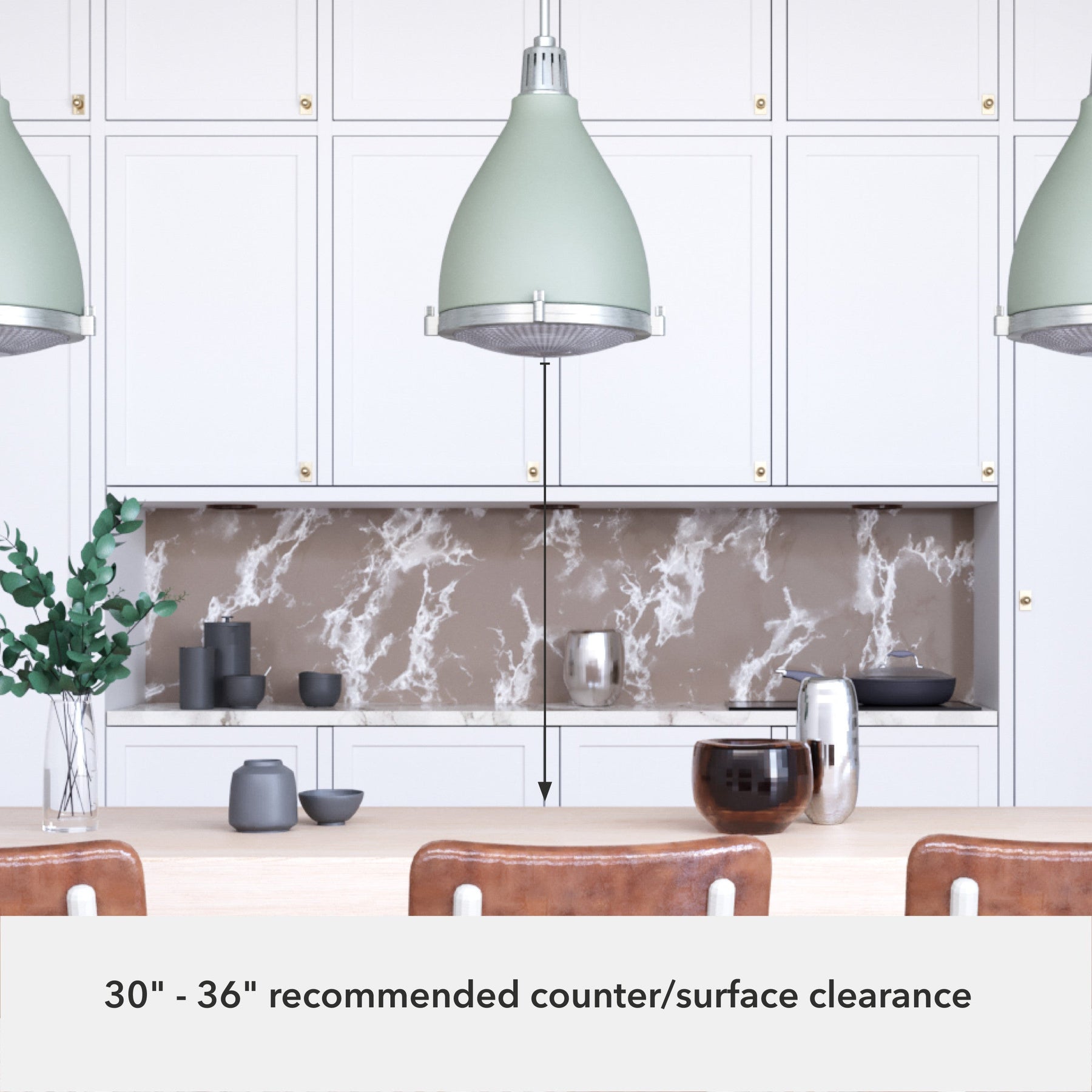 Illuminate your space with the Hunter Bluff View 3-Light Pendant Light, featuring a transitional design in a sophisticated soft sage finish with clear domed glass shades. This medium-sized pendant adds a touch of elegance and industrial charm, perfect for kitchens, dining rooms, and foyers.
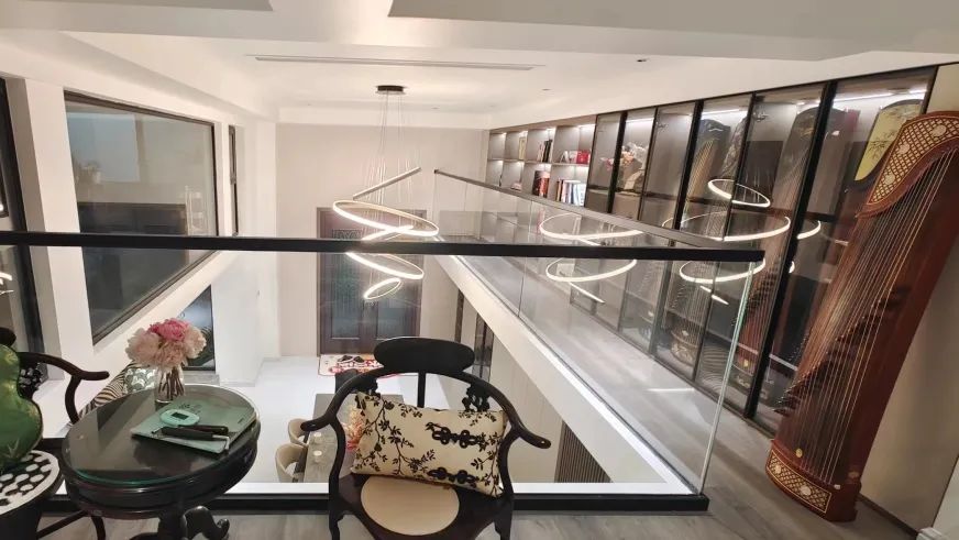 在此处、目光所及皆为海螺系列产品,整墙书柜设计,集收纳、展示、便捷为一体,使空间利用最大化。琴棋书画的休闲区域与海螺生态地板融合也相得益彰。通透的玻璃护栏、考虑采光通风的移门设计,使整个空间视觉延伸拉长,增加了空间感和灵动性。
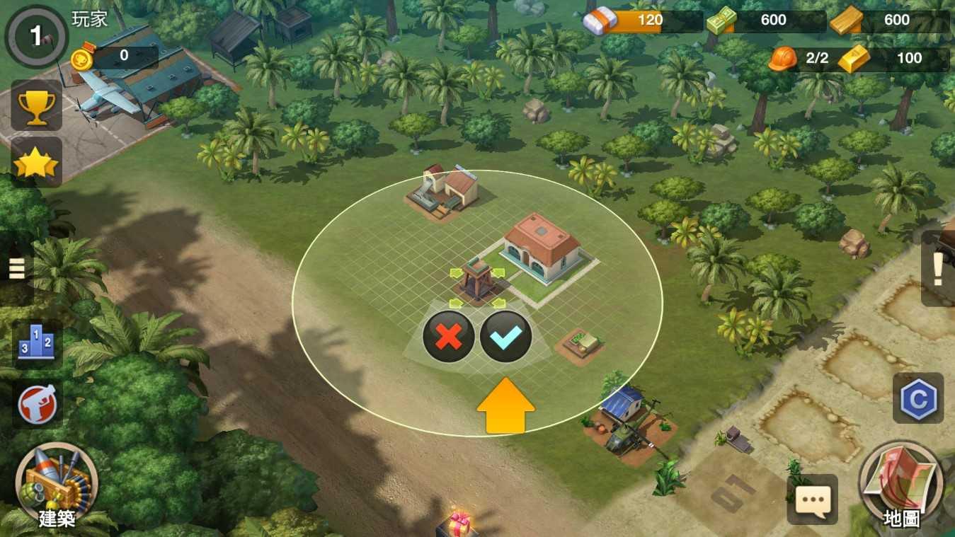 1、进入到卡特尔战争游戏中之后,第一步我们需要建造一个守望塔达到防御领地的效果;
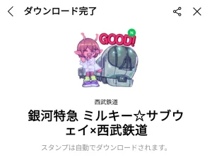 【銀河特急 ミルキー☆サブウェイ×西武鉄道 無料スタンプダウンロード方法】
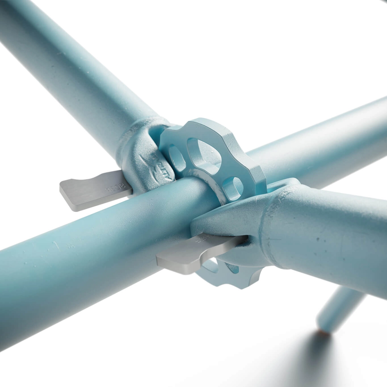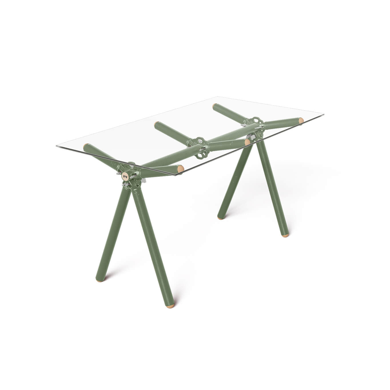 A custom-made project is the only solution to save the Altrad-Plettac scaffolding fleet from a compromised future… and this is where the Clavex table available in 3 sizes (for 6, 8, or 10 people) comes into play. After years of rental, these scaffolds are no longer suitable for supporting a worker at height, but they retain all their structural qualities when used on the ground. It is with this in mind that Maximum sees an opportunity to create a unique piece. A glass partition is cut to fit the space perfectly. This glass is hardened for safety reasons, making it impossible to cut again. When removed, these glass panels, even in perfect condition, inevitably end up at the recycling center. Due to their fixed dimensions, their reuse becomes a challenge. The epoxy paint used is a powder sprayed onto the steel parts before being baked at 200°C. During this process, part of the powder also spreads onto the glass panels. Once the application is complete, part of this powder is sucked into the recovery circuits, where it mixes with the residues in the tanks. The resulting mixture is fully reusable, although each color obtained is unique and unpredictable.
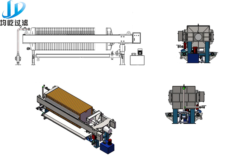 This customer purchased a stainless steel automatic hydraulic plate and frame filter press (BAY50/800 model) at the beginning of 2025. The entire machine is equipped with a 304SS stainless steel frame, a single-cylinder hydraulic pressing mechanism, and a manual plate pulling mechanism. The filtration unit is made of 316L material, including one head plate, one tail plate, 27 middle plates (25mm thick), and 28 filter frames (50mm thick). The accompanying filter cloth and filter paper are suitable for a siliceous earth and activated carbon auxiliary filtration system. The feeding system uses a sanitary 316L pneumatic diaphragm pump (QBW3-50), with a Teflon diaphragm. The control system is a Siemens S7-200 PLC, combined with Schneider electrical appliances and a touch screen, with a protection level of IP54. The auxiliary equipment includes 316L liquid-contact flip plates (hydraulic drive), 316L clamp-type pipes and valves, and 304SS electric contact pressure gauges.
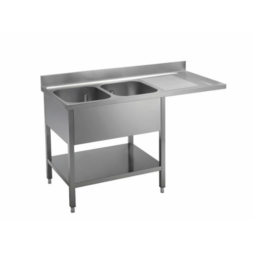 Korita so v celoti narejena iz inoxa. Delovne površine in umivalniki imajo zadaj rob. Korita so varjena v površino. Nogice so nastavljive po površini.
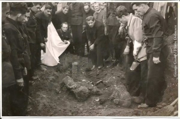 Ajunși la putere pentru scurtă vreme alături de Ion Antonescu, în toamna lui 1940, legionarii aveau să purceadă la deshumarea lui Corneliu Codreanu. Operațiunea a durat zile și nopți la rînd, participând sute de oameni care au lucrat, în schimburi, 24 de ore din 24, ca urmare a dificultății înlăturării uriașei plăci de beton. În noaptea de 27 noiembrie 1940, săpătorii ajung la rămășițele pământești ale celor uciși. Un amplu reportaj din ziarul Evenimentul zilei, din 28 noiembrie 1940, relatează:
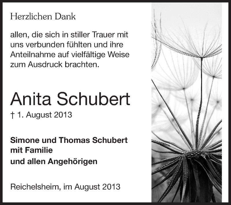 Hier finden Sie alle Traueranzeigen aus der Zeitung, die bisher für Anita Schubert erschienen sind. Weitere Traueranzeigen, die in der Zeitung erscheinen, werden hier ebenfalls aufgelistet
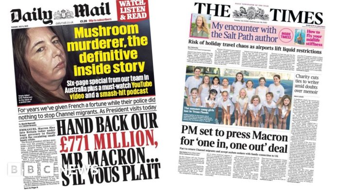 Emmanuel Macron’s state visit to the UK is splashed across several of the front pages, with the French president due to arrive on Tuesday. The Times reports that Sir Keir Starmer will urge Macron to agree a “one in, one out” migrant returns deal, despite warnings that announcing it before it is ready will lead to a surge in crossings. Also featured is a poignant picture of the girls who died or are missing after floods in Texas swept through their summer camp.
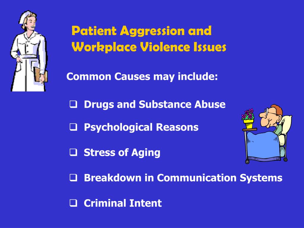 Patient Aggression and Workplace Violence Issues Common Causes may include: • Drugs and Substance Abuse • Psychological Reasons • Stress of Aging • Breakdown in Communication Systems • Criminal Intent
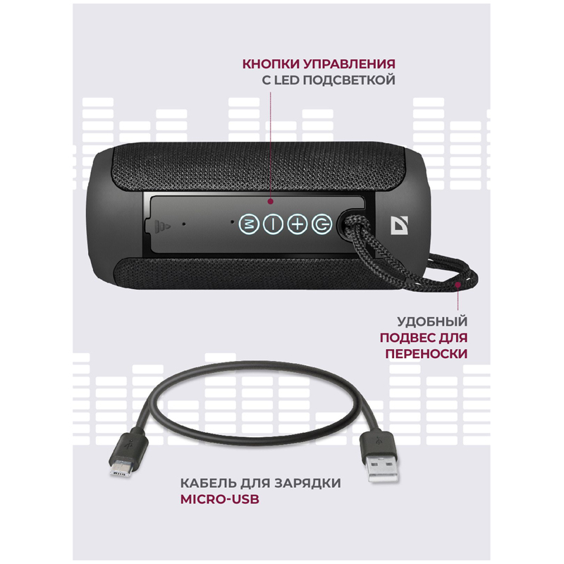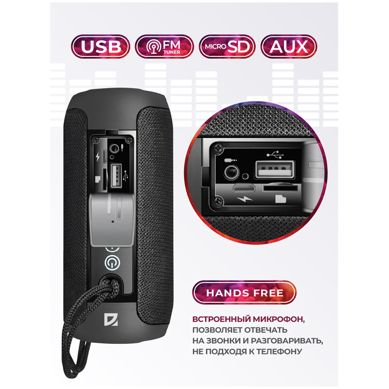 Bluetooth 5.0.<br/>Новый стандарт увеличивает скорость передачи данных в 2 раза, радиус действия в 4 раза, а энергоемкость этого процесса существенно ниже, чем у предыдущих версий модулей беспроводной связи.<br/>Встроенный MP3-плеер.<br/>Поддержка USB-накопителей и MicroSD-карт.<br/>Встроенный FM-приемник.<br/>Встроенный тюнер превращает колонку в полноценный радиоприемник. Вы всегда сможете послушать ваши любимые радиопередачи или музыку.<br/>Дополнительный AUX-аудиовход.<br/>Функция Hands free.<br/>Отвечайте на звонки и разговаривайте, не подходя к телефону. Встроенный микрофон позволяет общаться через колонку - так, как будто вы говорите по телефону в режиме громкой связи.<br/>Увеличенное время работы от аккумулятора.<br/>Удобный подвес для переноски.<br/>True Wireless Stereo (TWS) — возможность сопряжения двух отдельных колонок по Bluetooth в акустическую 2.0 систему.<br/>Встроенные боковые пассивные излучатели.<br/>Улучшают качество воспроизведения, усиливают басы и глубину звука.
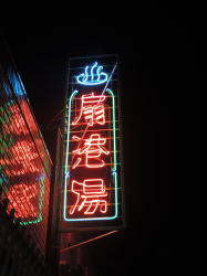 銭湯といえば下町、というイメージが一般的だが、神戸では必ずしもそうとは限らない。 新開地から六甲の山並みへ向かって1kmほどぐいぐい坂を登り詰めると、山麓に鎮座する熊野神社。さらにその裏手には、氷室神社へと続く急なナナメ坂がある。 その坂を登る。夏場ならば汗みどろ、よもやこのような場所に銭湯なんぞ……と腹さえ立ってきそうなその瞬間、目の前に白亜の伝統的な凸型銭湯が忽然と姿を現した。 湯の町浴場――その珍しくも情緒あふれる屋号、そしてアーチ状のモダンなヒサシが、ここまでの苦労をねぎらってくれるかのようだ。 ![]() (左)坂の上のフロ (右)エレジーを感じる屋号 暖簾をくぐり、玄関靴脱ぎスペースを経て中へ入ると、番台には常に微笑みをたたえたおやじ様が座っておられる。 脱衣場は阪神大震災の後に改装されてツヤツヤと美しいたたずまいながら、高い格天井は昔ながらの風格を漂わせている。 よく見ると浴室との間の壁はたいへん分厚く、中にX状の補強鉄骨が入っていて、震災を生き抜いた神戸銭湯の静かな迫力を感じさせられる。 阪神大震災を生き延びた格天井浴室は山際の立地にしては広さがあり、湯船は奥壁に沿って深・浅(気泡)・ジェットの3槽が並ぶ東京ふうの配置。 そしてその手前スペースに出ました! 神戸名物、くみ出し洗い専用槽だ。 楕円形で幅50〜60cmほど、長さは2メートル少々というところだろうか。そしてその周囲を大阪式の腰かけ段が取り巻いている。 むろん、この汲み出し洗い専用槽に浸かるのはご法度だ。 ![]() (左)手前に汲み出し専用槽、奥に湯船が並ぶ (右)入浴禁止 これは非常に便利な設備で、頭も体もあっという間に洗えてしまえる。大阪のように人が浸かっている湯船から汲み出すのではないから、より清潔だ。 でも俺の知る限りではどういうわけか神戸・明石と韓国にしか存在しない。 そして神戸でもこの湯船のある銭湯はどんどん減ってしまい、今では長田区の扇港湯や本庄湯くらいにしか残っていない。非情に貴重なものだ。 もちろん壁際にはカランもあり、隅に立ちシャワーもある。 もう一つこの銭湯の特長は、六甲山の湧水を沸かした、湯船たっぷりのお湯がじつに心地よいことだ。 さらに、かつて赤ン坊がたくさんいた時代の名残から、脱衣場・浴室ともに、女湯のほうが広く造られているのも興味深い。 坂を登った苦労が報われて余りある、味わい深き銭湯だ。(2009.4.19) 夜の町の湯の町※「レトロ銭湯へようこそ関西版」に掲載されました。 (本書が買える銭湯一覧) |
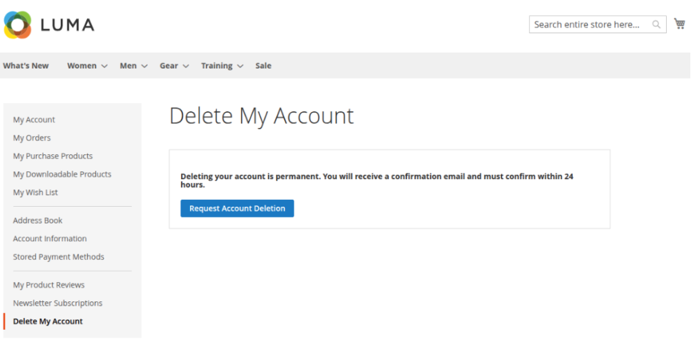 The extension allows customers to request deletion of their account from the storefront. The request is confirmed by email and can be processed immediately or after a delay, depending on the store configuration.
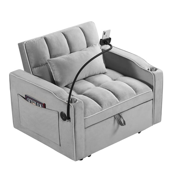 Convertible Sleeper Chair Sofa Bed Adjustable Pull Out Sleeper Chair Bed Multi-Pockets Folding Sofa Bed For Living Room Bedroom Small Space, 3 In 1 Sofa Bed - Gray
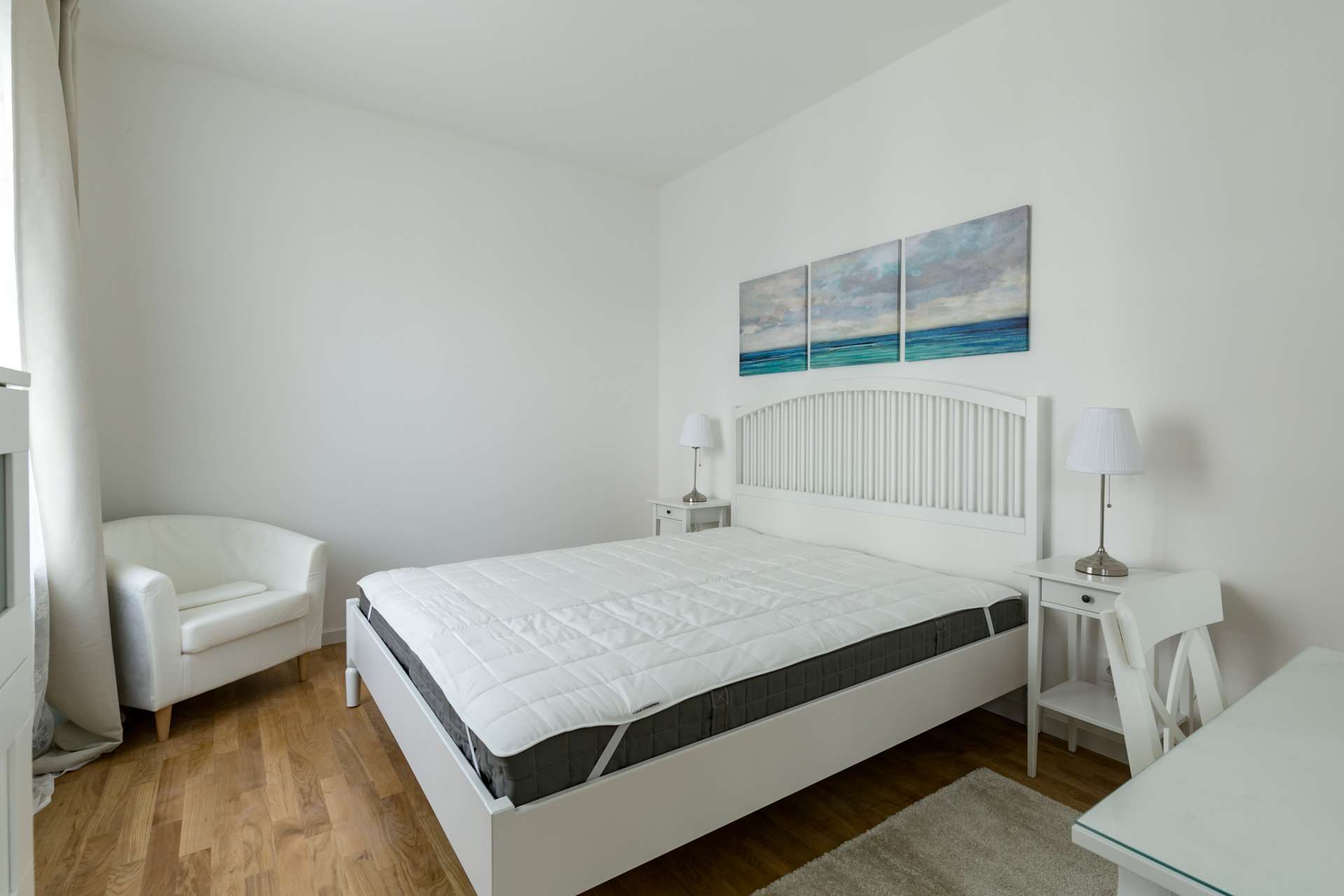 Das Schlafzimmer bietet ausreichend Platz für ein großes Bett und einen Kleiderschrank. Die separate Küche ist mit modernen Einbaugeräten ausgestattet und bietet genügend Stauraum für Küchenutensilien. Das Badezimmer verfügt über eine Badewanne, ein Waschbecken und ein WC.
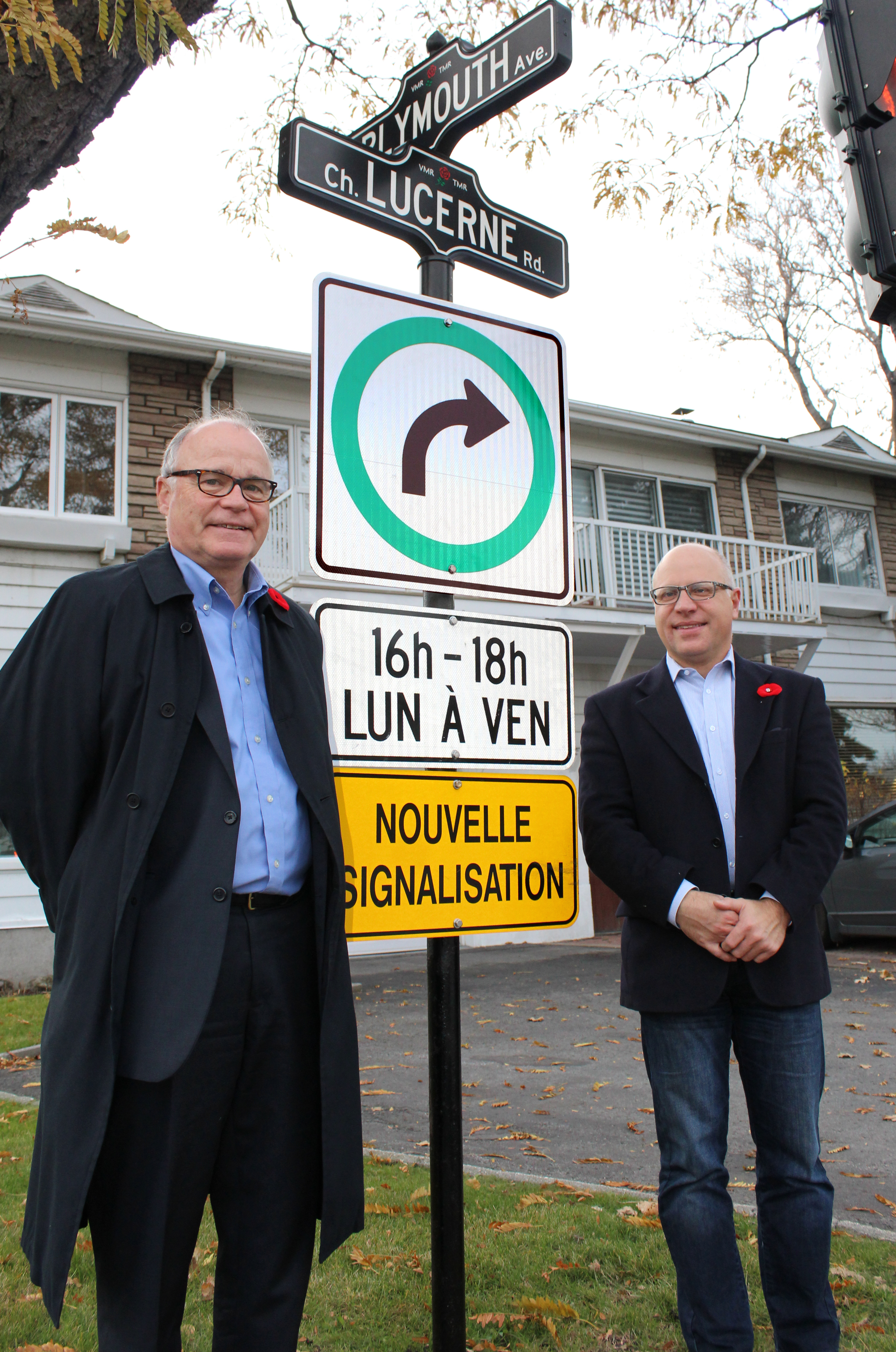 Pour atténuer la circulation, un marquage de la chaussée réduit désormais le nombre de voies à une seule sur l’avenue Plymouth en direction est, à l’approche du chemin Lucerne. Les virages à gauche sur le chemin Lucerne sont dorénavant interdits, entre 16 et 18h, aux intersections des avenues Plymouth et Johnson.
_ _ _ _
(Problem details):
The expected answer is the lines from the one that has "The extension allows" to the end of the listing, transcribed exactly, with pictures left out and no other line added.

(Expected answer):
 The extension allows customers to request deletion of their account from the storefront. The request is confirmed by email and can be processed immediately or after a delay, depending on the store configuration.
 Convertible Sleeper Chair Sofa Bed Adjustable Pull Out Sleeper Chair Bed Multi-Pockets Folding Sofa Bed For Living Room Bedroom Small Space, 3 In 1 Sofa Bed - Gray
 Das Schlafzimmer bietet ausreichend Platz für ein großes Bett und einen Kleiderschrank. Die separate Küche ist mit modernen Einbaugeräten ausgestattet und bietet genügend Stauraum für Küchenutensilien. Das Badezimmer verfügt über eine Badewanne, ein Waschbecken und ein WC.
 Pour atténuer la circulation, un marquage de la chaussée réduit désormais le nombre de voies à une seule sur l’avenue Plymouth en direction est, à l’approche du chemin Lucerne. Les virages à gauche sur le chemin Lucerne sont dorénavant interdits, entre 16 et 18h, aux intersections des avenues Plymouth et Johnson.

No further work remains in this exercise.